Читать «Исповедь на заданную тему» онлайн - страница 35

Борис Николаевич Ельцин

Пример этот показателен. Брежнев, по-моему, в последний период жизни вообще не понимал, что он делал, подписывал, произносил. Вся власть была в руках его окружения. Он и этот документ о свердловском метро подписал, не задумываясь над смыслом того, что я диктовал. Ну, хорошо, в результате этого было сделано доброе дело. А сколько проходимцев, нечестных людей, в конце концов, просто преступников, окружав-ших-его, использовали Брежнева для своих грязных дел? Сколько он тихо и бессмысленно начертал резолюций, которые принесли обогащение одним и беды, страдания другим. Страшно представить!..

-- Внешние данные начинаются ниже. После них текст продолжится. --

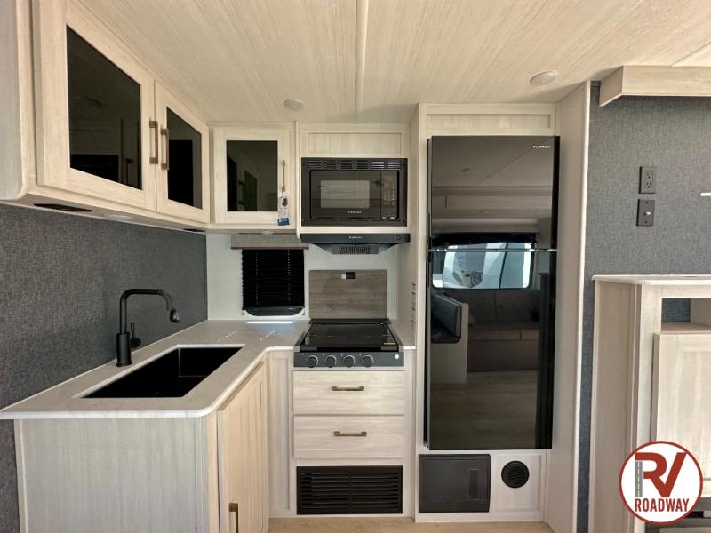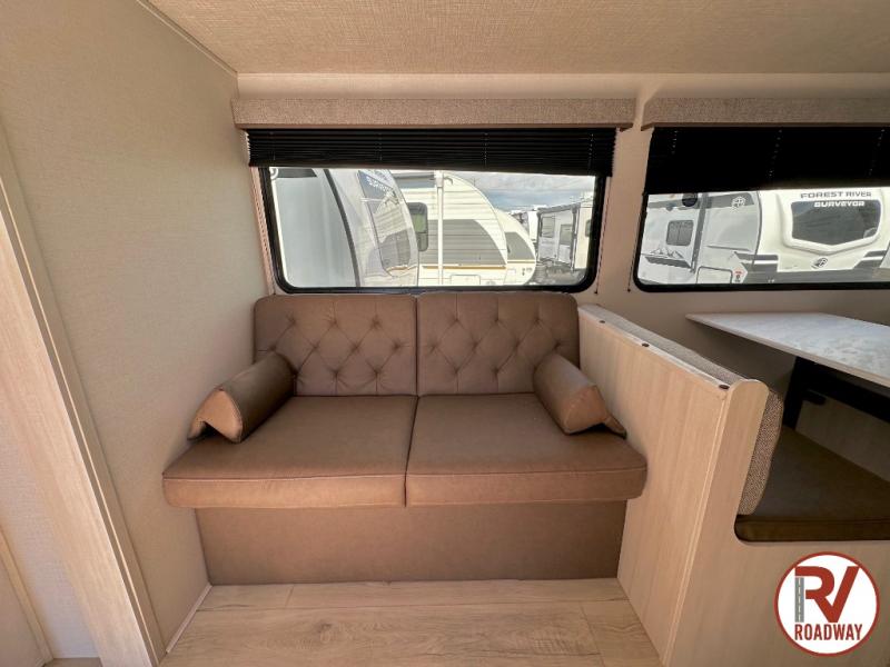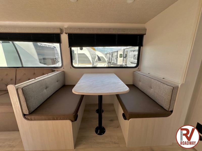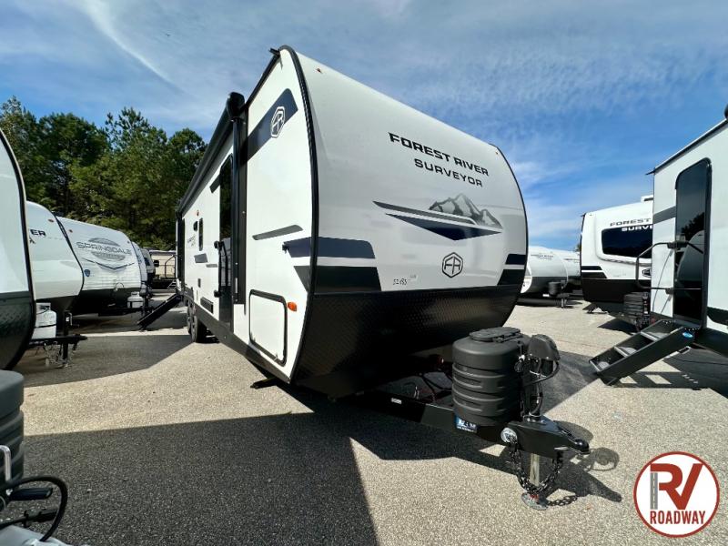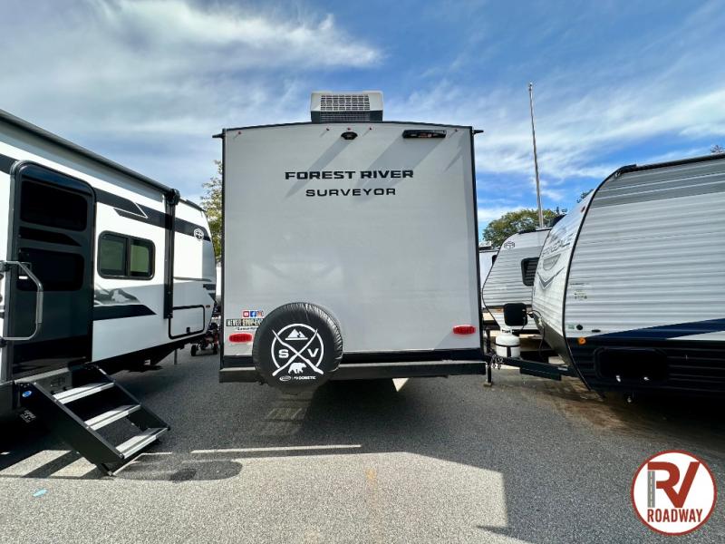 Value and versatility go hand-in-hand with the Surveyor Camp Series travel trailers by Forest River. The solid construction includes a 2" aluminum framed floor with block foam insulation and a sealed underbelly with forced heat and radiant foil insulation. A 100-watt roof mounted solar panel will provide some off-grid power, and the power tongue jack will let you easily hitch up and go whenever you're ready. Additional stand-out features include Surf(X) seamless countertops throughout, two A/C units, an electric awning with LED light strip, black glass friction hinge entry door(s), and so much more!
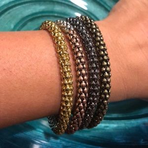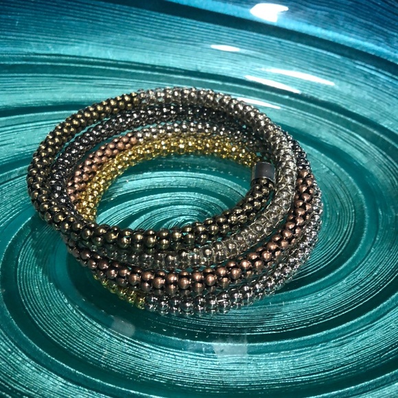 Multicolored brown, gold and sliver bangle bracelets
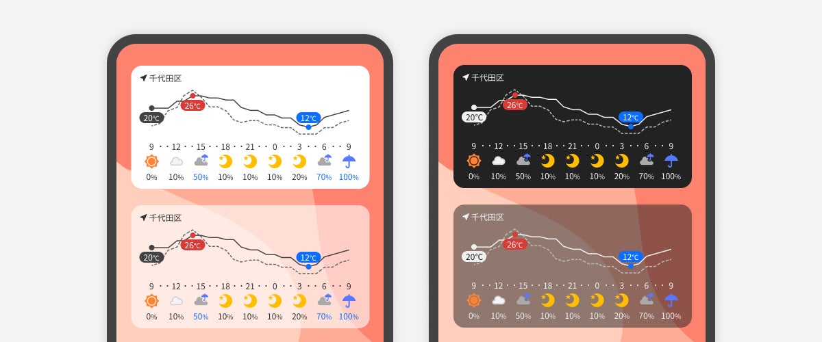 Android版の新ウィジェットにはレスポンシブデザインを採用しており、ユーザーがウィジェットの縦幅や横幅を自由に設定し、表示する情報を調整することが可能です(※2)。またウィジェット背景の透過率も、ユーザーが0%から100%の間で自由に設定できるため、ホーム画面をウィジェット越しに確認できるなど、よりユーザーごとの好みに合わせた自由な表示設定ができるようになったほか、新しいバージョンのOSにも自然に溶け込むデザインを追求しました。

Никогда — ни друзья, ни родственники, ни близкие или дальние знакомые — никто даже не пытался прийти ко мне, первому секретарю обкома, с просьбой помочь в каком-то личном деле. Сейчас хорошо известно, каких масштабов в годы застоя достигли протекционизм, коррупция, разлагавшие буквально всю систему власти. Мнение первого секретаря — закон, и вряд ли кто посмеет не исполнить его просьбу или поручение. И этой властью пользовались нечистоплотные партийные работники и их окружение бесконтрольно. Зная мой характер, ко мне с таковыми прошениями не обращались. Даже трудно представить, что бы я сделал, как бы отреагировал на подобную просьбу.

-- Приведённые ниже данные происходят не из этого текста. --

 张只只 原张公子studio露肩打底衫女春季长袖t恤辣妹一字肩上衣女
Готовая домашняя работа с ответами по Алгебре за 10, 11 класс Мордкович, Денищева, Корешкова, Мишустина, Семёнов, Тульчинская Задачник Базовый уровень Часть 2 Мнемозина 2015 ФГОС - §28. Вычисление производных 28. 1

Да, власть первого практически безгранична. И ощущение власти опьяняет. Но когда пользуешься этой властью только с одной целью, чтобы людям стало жить лучше, выясняется, что этой власти недостаточно: чтобы область хорошо, по-человечески накормить, чтобы всем нормальные квартиры дать… Ее хватает только на то, чтобы кого-то на хорошее место устроить, кому-то прекрасную квартиру выделить и подобными благами одарить свое окружение. Так и происходило, да и сейчас происходит: несколько десятков людей живут как при коммунизме, а народ доходит до последней черты.

А вообще, конечно же, в те времена первый секретарь обкома партии это бог, царь. Хозяин области… Мнение первого секретаря практически по любому вопросу было окончательным решением. Я пользовался этой властью, но только во имя людей и никогда — для себя. Я заставлял быстрее крутиться колеса хозяйственного механизма. Мне подчинялись, меня слушались, и благодаря этому, как мне казалось, лучше работали предприятия.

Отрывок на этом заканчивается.